Tweak tparam unification to work with lambda cleanup

[dwijnand]

Fixes #21981

[odersky]

It looks reasonable to me. @smarter WDYT? You wrote the original code.

[smarter]

I can reproduce the problem with the change in this PR if I change the receiver of map2 to be a tuple of type parameters (K1, K2) instead of a single parameter K:

trait Ops[F[_], A]:
  def map0[B](f0: A => B): F[B] = ???

trait Functor1[G[_]]

trait Functor2[H[_]]:
  extension [C1, C2](hc: H[(C1, C2)])
    def map2[D](f1: (C1, C2) => D): H[D]

trait Ref[I[_], +E]

final class Cov[+F]

class Test:
  given [J[_]](using J: Functor1[J]): Functor2[J] with
    extension [K1, K2](jk: J[(K1, K2)])
      def map2[L](f2: (K1, K2) => L): J[L] = ???

  def t1[
    M[_[t]],
    N[_],
  ](using N: Functor1[N]): Unit =

    val x3: Ops[N, M[[t] =>> Ref[N, t]]] = ???

    val x2: N[(M[N], M[[t] =>> Ref[N, t]])] = x3
      .map0 { refs             => (???, refs) }
      .map2 { case (not, refs) => (???, refs) }

The root cause of the regression is that the removal of type variables in https://github.com/scala/scala3/pull/21466/files#diff-73257963d8a6d79cd4878ae4ff164e33c36629f77821886ffc7cea2e2e38af39R78 does not check that the removed type variables are not in use somewhere.
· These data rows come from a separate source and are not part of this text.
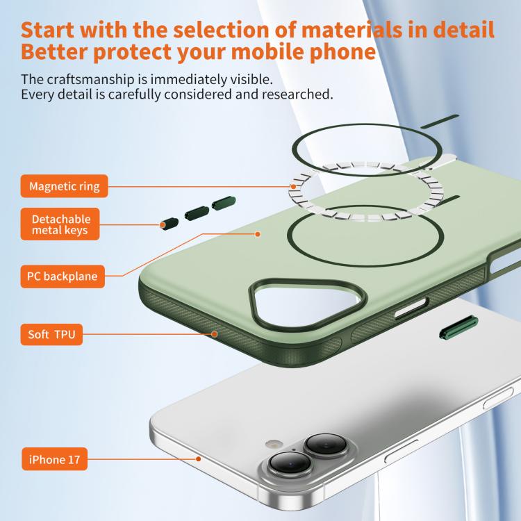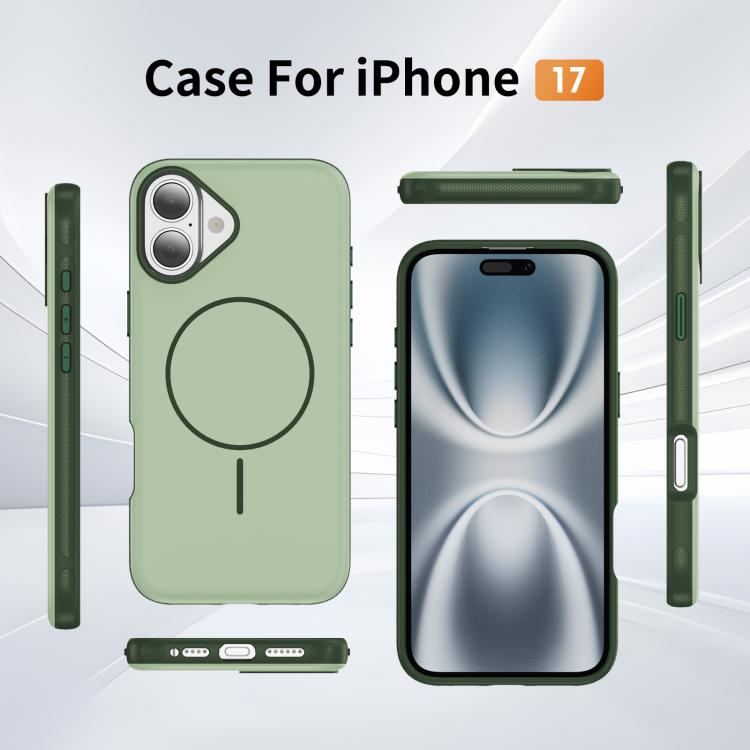 Funda híbrida de TPU y PC con MagSafe para iPhone 17, bicolor, imitación original (verde).
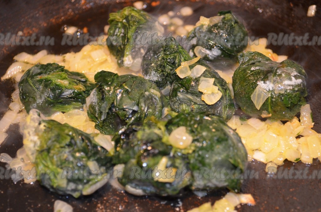 Затем добавить в сковороду замороженный шпинат, потушить.
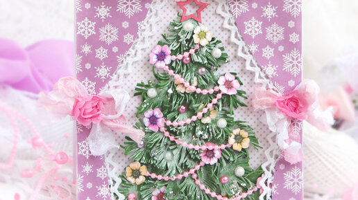 Сказочно-красивая открытка с новогодней елочкой ручной работы🎄
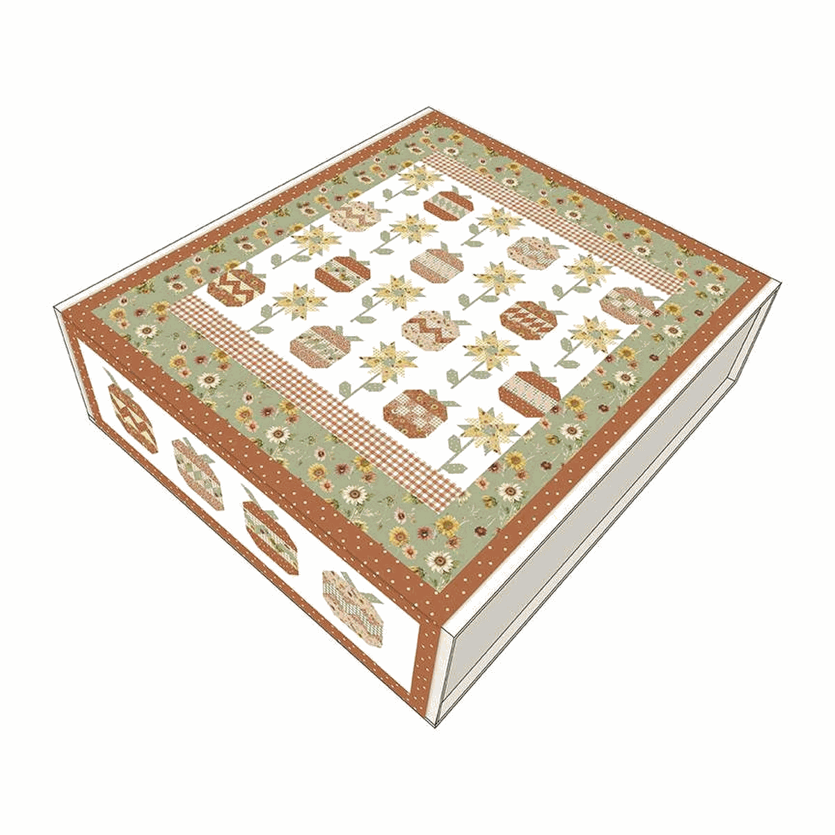 Introducing the Fall Garden Quilt Kit featuring the Sunflower Whispers collection by Lisa Audit. Pattern is by LaVonne Jackson of Sew-N-Quilt. Finished size is 84" x 84". Kit comes in a solid box with a printed belly band label. Box size is approximately 11" x 12 1/4" x 3 1/2". Boxed kit includes the pattern and the fabric for the quilt top and binding.

I spent some time looking into it but couldn't find a robust way to do so (maybe a version of Inferencing#interpolateTypeVars that doesn't require a tree argument could be used on pt in normalizedCompatible to do this clean-up?), so I think for now it'd be best to just revert #21466

[smarter]

I think we should still consider a revert of #21466 for the time being.

[smarter]

Isn't it the other way around? From the documentation of Constraint#dependsOn:

  @param `co`  If true, test whether the constraint would change if the variable is made larger

aboveOK negates the result of dependsOn(..., co = true), so in this branch, the constraint should not change when the variable is made larger, so we should instantiate with fromBelow = false.

I notice that when I make this change, tests/pos/i21981.scala breaks, but it only works by chance here: both belowOK and aboveOK return true (in fact, in all of the added tests, belowOK == aboveOK is always true), it also breaks if I just change the order of the two if branches in this code.

So unfortunately I don't think that we can rely on dependsOn by itself, we'd need more of the logic of interpolateTypeVars to take into account the type of pt I think.

[smarter]

To clarify what I meant in my previous comment, the code after this commit is:

if belowOK then
  tvar.instantiate(fromBelow = true)
else if aboveOK then
  tvar.instantiate(fromBelow = false)

but if I swap the order of the branches:

if aboveOK then
  tvar.instantiate(fromBelow = false)
else if belowOK then
  tvar.instantiate(fromBelow = true)

then tests/pos/i21981.scala starts failing, so that must mean that aboveOK being true is not a good enough condition to ensure that instantiating a type variable is safe.

[smarter]

typo:

Suggested change

	// Also, filter out any tvar that is the instantiation another tvar
	// Also, filter out any tvar that is the instantiation of another tvar

[smarter]

If I understand the logic right, then !excluded.contains(tvar1) is equivalent to tvar1.isInstantiated and therefore not needed.

[smarter]

The check tvar1.instanceOpt == tvar accounts for that, but it doesn't account for B := Foo[K]. Here's a test case with B := Contra[K]:

case class Inv[T](x: T)
class Contra[-ContraParam](x: ContraParam)

trait Ops[F[_], A]:
  def map0[B](f0: A => Contra[B]): F[B] = ???

trait Functor1[G[_]]

trait Functor2[H[_]]

trait Ref[I[_], +E]

class Test:
  given [J[_]](using J: Functor1[J]): Functor2[J] with
    extension [K](jk: J[Contra[K]])
      def map2[L](f2: K => L): J[L] = ???

  def t1[
    M[_[t]],
    N[_],
  ](using N: Functor1[N]): Unit =

    val x3: Ops[N, M[[t] =>> Ref[N, t]]] = ???

    val x2: N[(M[N], M[[t] =>> Ref[N, t]])] = x3
      .map0 { refs             => Contra[Contra[(Nothing, M[[t] =>> Ref[N, t]])]](???) }
      .map2 { case (not, refs) => (???, refs) }

Now this could probably be fixed by checking tvar.occursIn(tvar1.instanceOpt) but at this point I'd started getting worried about time complexity: we're already inside two nested loops over all type variables and now we're traversing a type (in fact this is the traversal that dependsOn avoids for uninstantiated type variables).